● WORK TASK:
Write the listing out again exactly as it stands, with no images.

● RAW DATA:
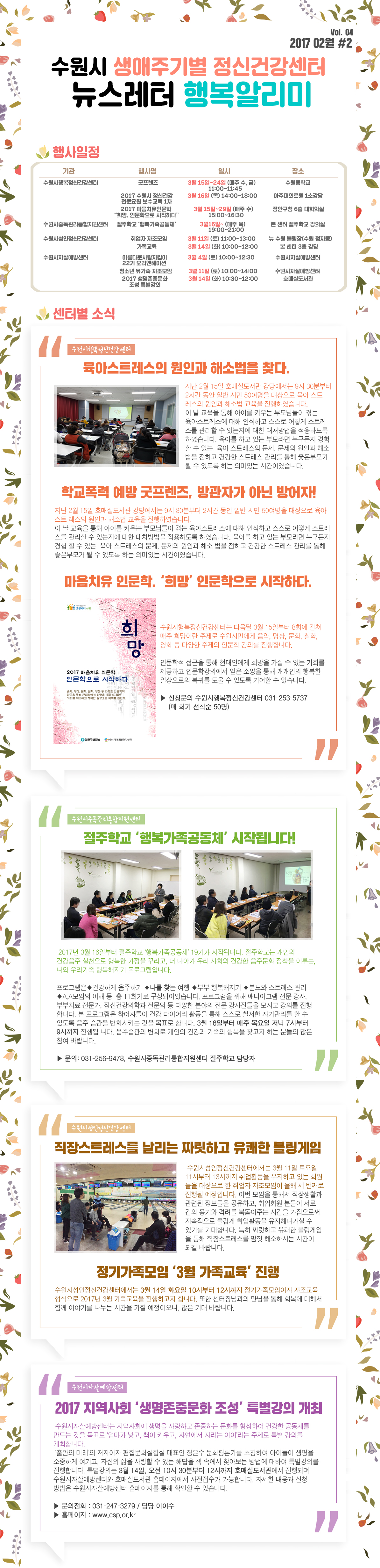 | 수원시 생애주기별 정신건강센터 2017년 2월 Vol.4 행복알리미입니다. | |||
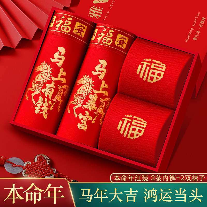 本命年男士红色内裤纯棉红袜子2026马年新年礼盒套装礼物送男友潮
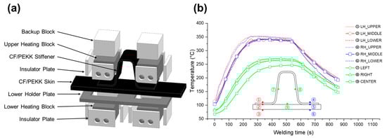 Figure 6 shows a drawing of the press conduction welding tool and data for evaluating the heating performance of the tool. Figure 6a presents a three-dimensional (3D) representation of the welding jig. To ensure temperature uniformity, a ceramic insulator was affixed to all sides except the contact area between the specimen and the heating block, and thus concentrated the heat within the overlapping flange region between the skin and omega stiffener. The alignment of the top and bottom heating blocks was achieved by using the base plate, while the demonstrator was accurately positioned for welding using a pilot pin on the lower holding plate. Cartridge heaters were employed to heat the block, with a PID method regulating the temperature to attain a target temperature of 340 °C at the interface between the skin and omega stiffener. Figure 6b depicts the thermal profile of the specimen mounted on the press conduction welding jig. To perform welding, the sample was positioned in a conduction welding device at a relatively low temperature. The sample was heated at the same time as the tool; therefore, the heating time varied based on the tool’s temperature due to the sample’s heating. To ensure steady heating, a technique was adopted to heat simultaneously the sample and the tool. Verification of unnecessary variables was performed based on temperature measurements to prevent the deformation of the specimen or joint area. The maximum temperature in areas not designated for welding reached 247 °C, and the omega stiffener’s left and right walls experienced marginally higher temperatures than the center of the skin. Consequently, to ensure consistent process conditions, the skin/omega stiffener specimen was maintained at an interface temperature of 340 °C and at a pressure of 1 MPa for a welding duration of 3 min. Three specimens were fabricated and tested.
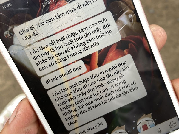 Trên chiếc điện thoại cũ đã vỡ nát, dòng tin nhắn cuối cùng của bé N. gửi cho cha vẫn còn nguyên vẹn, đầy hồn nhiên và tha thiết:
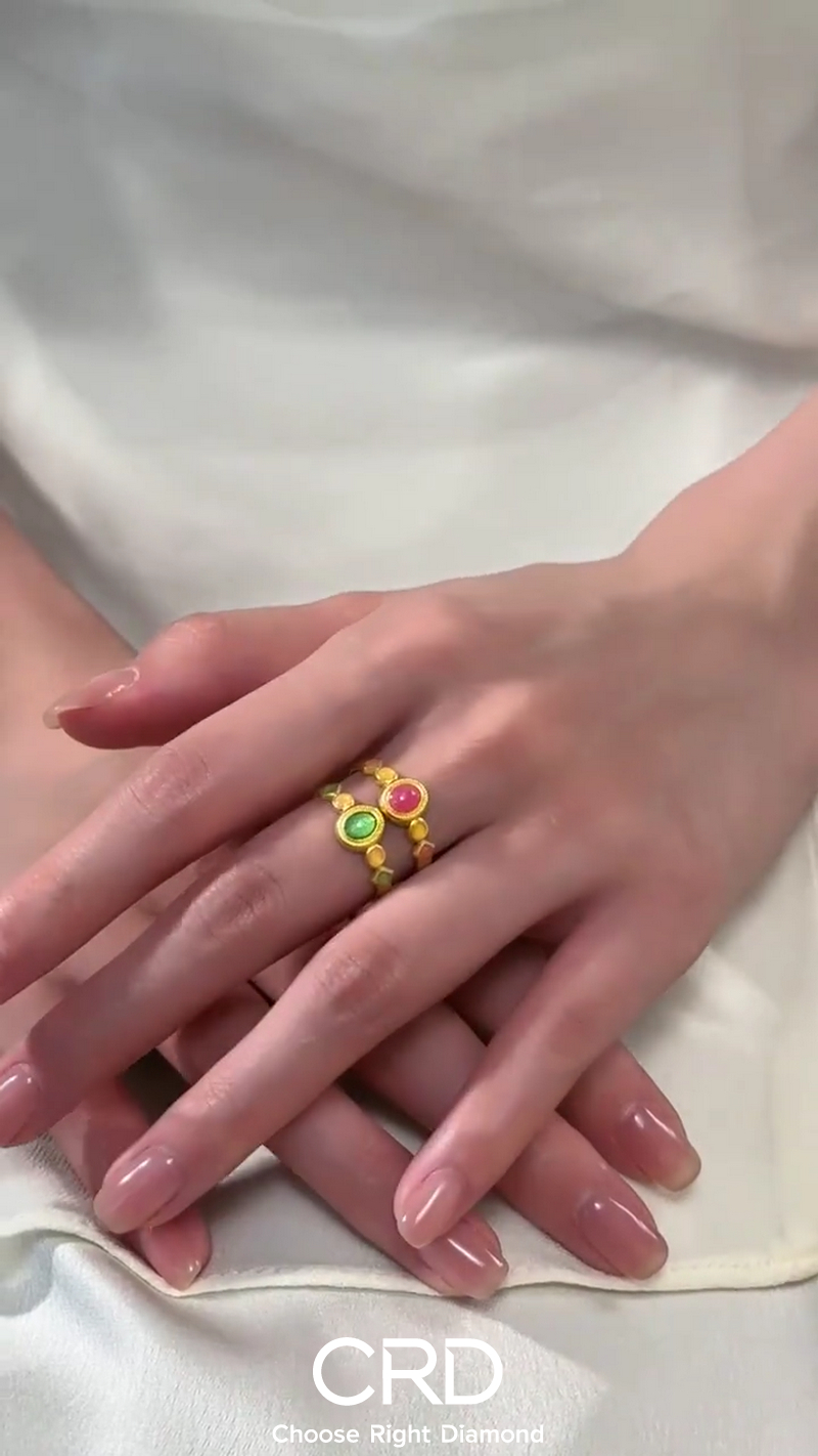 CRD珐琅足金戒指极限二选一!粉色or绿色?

● SOLUTION:
 | 수원시 생애주기별 정신건강센터 2017년 2월 Vol.4 행복알리미입니다. | |||
 本命年男士红色内裤纯棉红袜子2026马年新年礼盒套装礼物送男友潮
 Figure 6 shows a drawing of the press conduction welding tool and data for evaluating the heating performance of the tool. Figure 6a presents a three-dimensional (3D) representation of the welding jig. To ensure temperature uniformity, a ceramic insulator was affixed to all sides except the contact area between the specimen and the heating block, and thus concentrated the heat within the overlapping flange region between the skin and omega stiffener. The alignment of the top and bottom heating blocks was achieved by using the base plate, while the demonstrator was accurately positioned for welding using a pilot pin on the lower holding plate. Cartridge heaters were employed to heat the block, with a PID method regulating the temperature to attain a target temperature of 340 °C at the interface between the skin and omega stiffener. Figure 6b depicts the thermal profile of the specimen mounted on the press conduction welding jig. To perform welding, the sample was positioned in a conduction welding device at a relatively low temperature. The sample was heated at the same time as the tool; therefore, the heating time varied based on the tool’s temperature due to the sample’s heating. To ensure steady heating, a technique was adopted to heat simultaneously the sample and the tool. Verification of unnecessary variables was performed based on temperature measurements to prevent the deformation of the specimen or joint area. The maximum temperature in areas not designated for welding reached 247 °C, and the omega stiffener’s left and right walls experienced marginally higher temperatures than the center of the skin. Consequently, to ensure consistent process conditions, the skin/omega stiffener specimen was maintained at an interface temperature of 340 °C and at a pressure of 1 MPa for a welding duration of 3 min. Three specimens were fabricated and tested.
 Trên chiếc điện thoại cũ đã vỡ nát, dòng tin nhắn cuối cùng của bé N. gửi cho cha vẫn còn nguyên vẹn, đầy hồn nhiên và tha thiết:
 CRD珐琅足金戒指极限二选一!粉色or绿色?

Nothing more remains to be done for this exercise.